Chi l’avrebbe immaginato: tocca dire grazie alla mucca Ercolina. Al suo surreale scampanare sul red carpet di Sanremo, alle minacce di improbabili nuove marce su Roma a bordo di trattori e persino ai blocchi del traffico via mietitrebbia (per cui, sia detto per inciso, nessuno finora è stato denunciato: ma, si sa, gli agricoltori mica sono eco-attivisti). Ringraziamo la baraonda dell’agrobusiness perché, forse suo malgrado, pur senza visione politica a parte la protesta, il plotone disomogeneo è riuscito almeno per qualche giorno a ricordare a un’opinione pubblica distratta dell’importanza dell’Unione europea e delle scelte che in quella sede si compiono, piacciano o meno.

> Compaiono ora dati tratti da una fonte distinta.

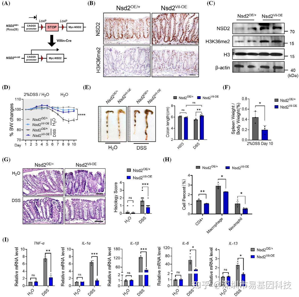 通过在IECs中过表达NSD2的小鼠模型,研究发现这些小鼠在DSS诱导的IBD中表现出较少的症状,结肠组织损伤和炎症特征减少,表明NSD2过表达对IBD具有保护作用。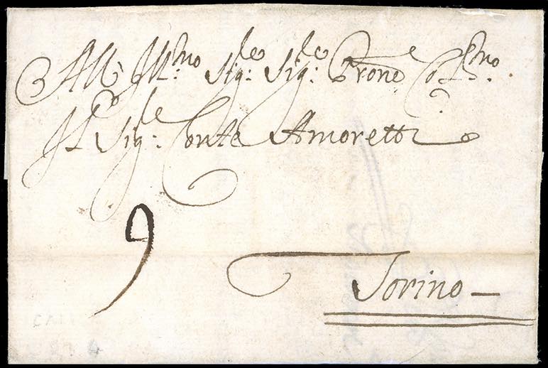 INCOMING MAIL SPAGNA 1703 - Lettera prefilatelica da Cadice 25/8/1703 a Torino, con segno di tassa sul fronte. Non comune e molto bella. Ex coll. Hess.

È a Bruxelles infatti che sempre più si stabiliscono principi, si sposano missioni, si scelgono progetti e alleanze: ed è su questi, serve ripeterlo, che è fondamentale imprimere un’idea di futuro. A tre mesi esatti da un voto per le elezioni europee che sarà determinante a trovarne auspicabilmente una nuova, siamo invece fermi alla telenovela delle giovani donne contrapposte e dei nomi in lista: si candida o non si candida? questo è il dilemma. Un po’ pochino contando che in ballo ci sono la sanità, la transizione ecologica, le disuguaglianze, un sistema fiscale che garantisca giustizia sociale e persino il concetto stesso di democrazia di fronte al dramma della guerra e alla militarizzazione arrembante del continente.
La mancanza di contenuti e di prospettive che non siano il manicheismo occidentale “buoni contro cattivi” è tale che – secondo un recente sondaggio di Eurobarometro condotto in tutti Paesi Ue – l’Italia, insieme all’Austria, è la nazione in cui maggiormente i cittadini sono scettici sui benefici che l’ingresso nella Ue ha portato: “solo” il 57% è convinto che ce ne siano stati, a fronte del 72% come media. La stessa rilevazione dice anche che, al di là di un europeismo di facciata obbligato, gli italiani – sempre insieme agli austriaci – sono la popolazione che meno crede nell’utilità dell’appartenenza all’Unione: appena il 43% della cittadinanza, quasi 20 punti sotto al sentiment del resto del continente. E non è casuale allora che l’inchiesta, condotta a ottobre scorso su un campione di circa 27 mila persone, segnali anche la richiesta di un ruolo più rilevante per il Parlamento europeo, il solo organo elettivo dell’Europa, nonché l’unico che dà piena rappresentanza alle diverse sensibilità e posizioni: lo chiede complessivamente il 53% degli intervistati, e il 50% degli italiani. Proprio l’assemblea è d’altronde l’istituzione per cui donne e uomini esprimono maggiormente fiducia: il 50% contro il 47 e il 46% accordati rispettivamente a Commissione e Banca centrale, protagonisti negli anni di scelte spesso non edificanti, per non dire discutibili.
Restituire centralità all’azione politica di eurodeputate ed eurodeputati è dunque fondamentale, attraverso una riflessione sui temi – cruciali – di cui devono farsi interpreti. Nel silenzio della maggior parte dei media, distratti da nomi e duelli, se ne incarica un libro realizzato dal Forum Disuguaglianze e Diversità: si intitola Quale Europa (Donzelli), sarà in libreria dal 29 marzo – già preordinabile – e restituisce il quadro dell’Unione in cui viviamo e delle questioni su cui può, e deve, incidere. Con scelte che sposino finalmente il concetto di democrazia partecipata. L’obiettivo è riportare l’attenzione su un concetto semplice e sempre più dimenticato: votare serve a contare, a spingere in una direzione. Per scegliere quale, prima ancora che i nomi sulla scheda, bisogna conoscere e discutere le possibilità, gli spazi aperti, le strade da seguire. Bisogna tornare a occuparsi di politica e non solo di politici.